At the restaurant, course upon course of an elaborate
degustation. Every dish, a deconstruction of a complete thing. The tables
are full and the seats warm. Portion sizes, small. To keep it classy. The
music, crystalline in the silence. Not even the clink of silverware on 
china. This is not a place for conversation. But contemplation. A serious
place for serious business. I don’t understand this obsession with taking
things apart but I am told it is in vogue. The carcass of a burger, the body
of a shepherd’s pie laid out. If one were obsessed with seeing in detail
what they were eating, why not have a salad? 

No wonder divorce rates are soaring. My mother says it's this
need to know, this need to figure out everything that’s spoiled our
generation. I am not surprised when someone in the family insinuates
that my husband might be seeing someone else on the sly.
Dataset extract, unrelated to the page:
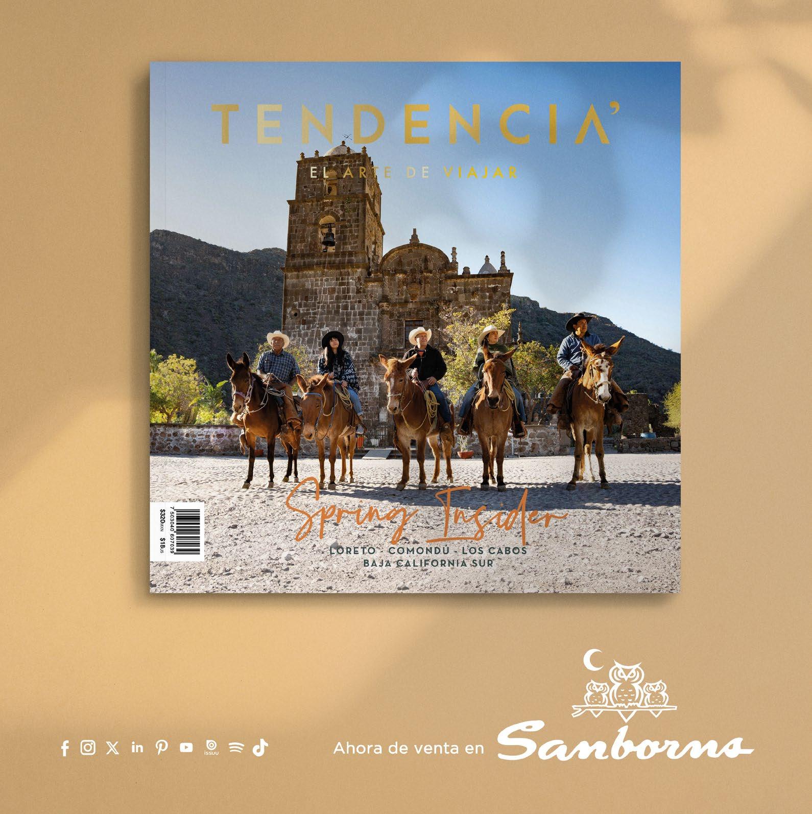TENDENCIA EL ARTE DE VIAJAR, Año 2024, No. 64, Junio 21 a Septiembre 20, 2024, es una publicación trimestral editada por Pleamar Cultural, S. de R.L. de C.V., Hidalgo S/N Local 3 entre V. Carranza y A. Obregón, Col. Matamoros, Cabo San Lucas,Baja California Sur, CP 23468, teléfono (624) 104-3516, http://www.tendenciamagazine.com/.Editor responsable: Claudia Veronica del Pino Peña. Reservas de Derechos al Uso Exclusivo No. 04-2012-101712221000-102. ISSN: En trámite; ambos otorgados por el Instituto Nacional del Derecho de Autor. Licitud de Título y Contenido No. 15906, otorgado por la Comisión Calificadora de Publicaciones y Revistas Ilustradas de la Secretaría de Gobernación. Impresa por SMARTPRESS VISION SA DE CV, Caravaggio #30 Col. Mixcoac C.P. 03910 Ciudad de México. RFC SVI210518JS4.

But I am taken
aback by the fact that the notion does not bother me. Is this a feat or a
failure? Maybe there is assurance to be gained from this act of
dissection. In the warm glow of the modernist lamp, we smile at each
other across the table between spoonfuls of tiramisu, ladyfingers
crumbling. His favorite.


On Our Way To Vardø


The lake is white, the mountain milky-white, the fox crossing the highway snow-white. One
could easily miss its tender body if not for its quick movement. White the horizon, and even
the sun salt-white swallowing everything into its fold. Your knuckles gripping the steering
wheel, white as the vanishing landscape in the rearview mirror. The low hum of the car, white
noise for miles and miles. This is how we get accustomed to our many griefs calcifying
endlessly. Just moments of looking outside the window into the scenery like swathes of blank
paper tires me out, lulls me into sleep’s territory while you get us ahead of a predicted
snowstorm. We are far from home, and you cannot take your eyes off the road. So you do the
next possible thing, take your one hand off the wheel to hold mine. Soon an arctic night would
fall, cerulean and almost unbearable.